Cloud storage trends in five APAC countries

Australia
  • 89% of respondents cited expecting to increase the amount of data their organization stores in the public cloud in 2024, compared to 93% average of other respondents in the region.
  • 83% of respondents expected their organization’s public cloud storage budget to increase this year.
  • 50% of Australian respondents’ cloud storage budget was allocated to fees and not storage costs.
  • 50% of Australian respondents cited exceeding their organization’s budgeted spend on cloud storage for the previous year
  • 100% of respondents cited adopting or planning to adopt some form of AI/ML application or service within the next 12 months. Specifically, these respondents indicated a high rate of concern with addressing new data backup, protection and recovery requirements associated with AI/ML adoption
Japan
  • 94% of respondents cited plans to increase the amount of data they stored in the public cloud in 2024, compared to the global average of all respondents
  • 50% of these respondents’ cloud storage bill was going not into storage capacity but towards storage fees such as those for data operations, retrieval, transfer, and egress. These respondents ranked such unpredictable storage cost patterns (e.g., egress fees, data access fees) as a leading concern.
  • 55% of respondents cited exceeding their budgeted spend on cloud storage.
  • Generative AI ranked top among the Japan respondents as the leading workload currently deployed or planned for deployment
  • Top 2024 priorities for AI adoption among Japan respondents were cited as: accelerating innovation; development cycles for existing products/services; improving customer facing product/services
Singapore
  • 44% of billing was allocated to fees, on average, in the Singapore respondents.
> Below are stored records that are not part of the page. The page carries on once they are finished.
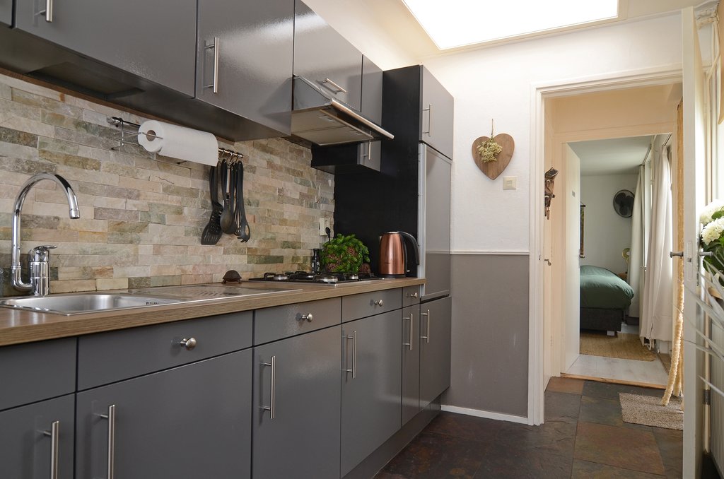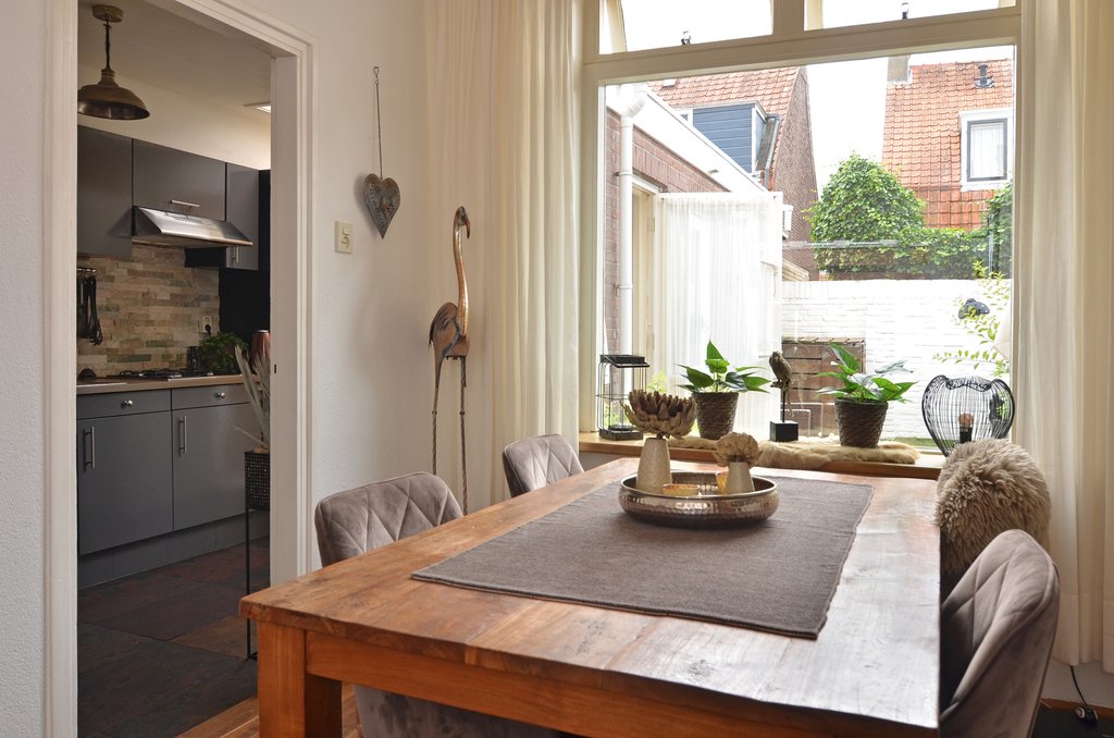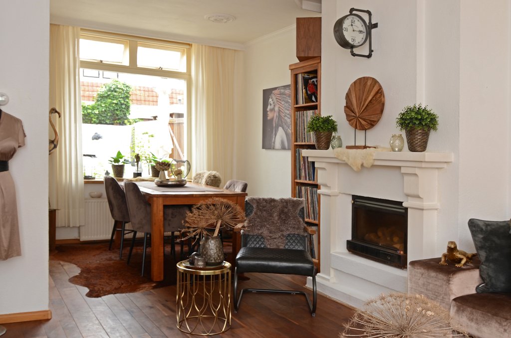 Via de hal heb je toegang tot de gezellige woonkamer met gashaard. De woonkamer loopt over in het eetgedeelte. Hiervandaan heb je toegang tot de half open keuken. In de keuken bevindt zich ook de kelderkast. Ideaal voor opbergruimte en voor een eventuele extra koelkast of vriezer. Vanuit de keuken kom je in een hal, en deze hal geeft je toegang tot de zonnige plaats, het toilet en een extra gecreëerde slaapkamer op de begane grond. De slaapkamer is voorzien van een groot raam die uitkijkt op de plaats en ook voorzien van een extra deur naar de plaats toe.
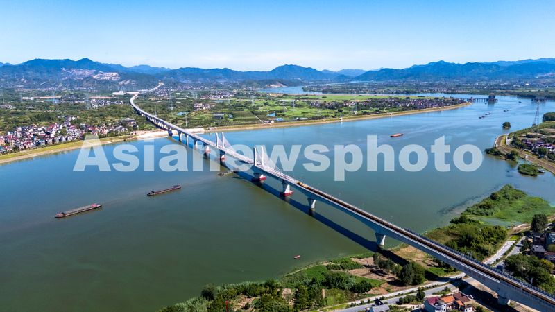 图片说明:2025年8月28日,俯瞰浙江省金华市金建高铁兰江特大桥桥面上,工程列车在忙于运输材料,轨道铺设工作正有序进行(无人机照片)。
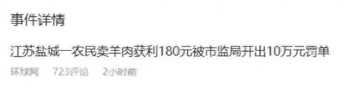 信息来源:2024-12-25 ·极目新闻《江苏盐城一农民卖羊肉获利180元被市监局开出10万元罚单》

  • 66% of respondents cited exceeding budgeted spend on cloud storage in 2023 — the highest rate among other regional respondents.
  • When it came to choosing a cloud storage provider/service, respondents here ranked sustainability (in terms of infrastructure architecture, service provider initiatives/commitments, or built-in tools for things like carbon footprint calculation) as the top most important consideration.
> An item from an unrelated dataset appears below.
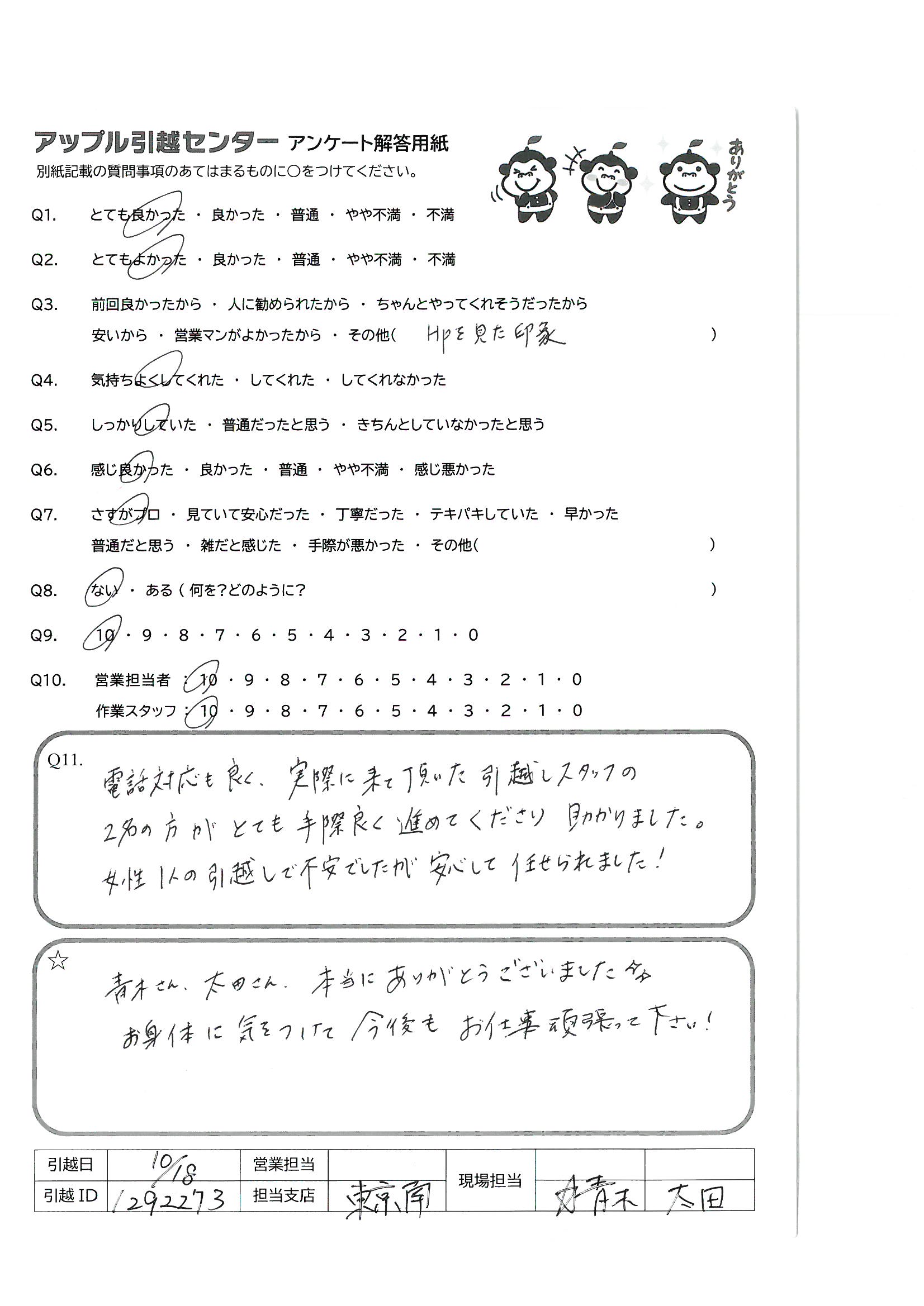 A.電話対応も良く、実際に来て頂いた引越しスタッフの2名の方がとても手際良く進めてくださり助かりました。 女性1人の引越しで不安でしたが、安心して任せられました!

  • Respondents here ranked operational improvements as the top driver for AI/ML implementation, and chose AI/ML solutions for security and compliance (e.g., advanced anomaly detection) as the top workload implemented or planned for implementation.
India and South Korea
  • 96% of respondents across both countries here indicated their organization will increase the amount of data stored in the public cloud in 2024.
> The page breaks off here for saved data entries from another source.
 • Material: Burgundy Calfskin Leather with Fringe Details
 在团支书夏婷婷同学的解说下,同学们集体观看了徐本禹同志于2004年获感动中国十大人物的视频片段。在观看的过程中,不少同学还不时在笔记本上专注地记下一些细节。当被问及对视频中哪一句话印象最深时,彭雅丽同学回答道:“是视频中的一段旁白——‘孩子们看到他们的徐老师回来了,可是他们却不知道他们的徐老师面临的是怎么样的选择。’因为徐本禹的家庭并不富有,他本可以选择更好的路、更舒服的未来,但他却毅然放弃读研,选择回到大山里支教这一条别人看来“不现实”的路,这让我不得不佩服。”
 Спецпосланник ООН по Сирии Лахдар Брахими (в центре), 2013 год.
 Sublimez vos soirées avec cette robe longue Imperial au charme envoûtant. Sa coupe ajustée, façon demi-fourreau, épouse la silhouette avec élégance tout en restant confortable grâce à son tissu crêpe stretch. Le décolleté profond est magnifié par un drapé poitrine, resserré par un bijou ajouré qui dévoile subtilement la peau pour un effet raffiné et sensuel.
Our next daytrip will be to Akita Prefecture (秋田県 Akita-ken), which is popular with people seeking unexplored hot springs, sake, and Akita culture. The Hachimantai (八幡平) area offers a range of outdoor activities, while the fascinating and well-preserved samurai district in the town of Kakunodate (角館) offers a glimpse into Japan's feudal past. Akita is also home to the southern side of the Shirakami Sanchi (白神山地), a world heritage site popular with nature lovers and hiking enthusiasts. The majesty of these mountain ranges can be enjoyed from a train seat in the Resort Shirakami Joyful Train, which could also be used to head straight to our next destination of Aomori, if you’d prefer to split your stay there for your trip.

  • 96% of South Korea respondents indicated their organization will increase public cloud storage budgets in 2024, while 90% in India cited the same.
  • India and South Korea both ranked “accelerating innovation and development cycles for existing products/services” as the leading driver of AI/ML solution adoption. In terms of planned and implemented AI/ML workloads, India ranked computer vision (inclusive of a range of image and video processing or recognition) as a leading use case, and South Korea identified gaming applications (including 3D rendering) as one of its top three workloads driving AI/ML adoption, higher than any other country surveyed.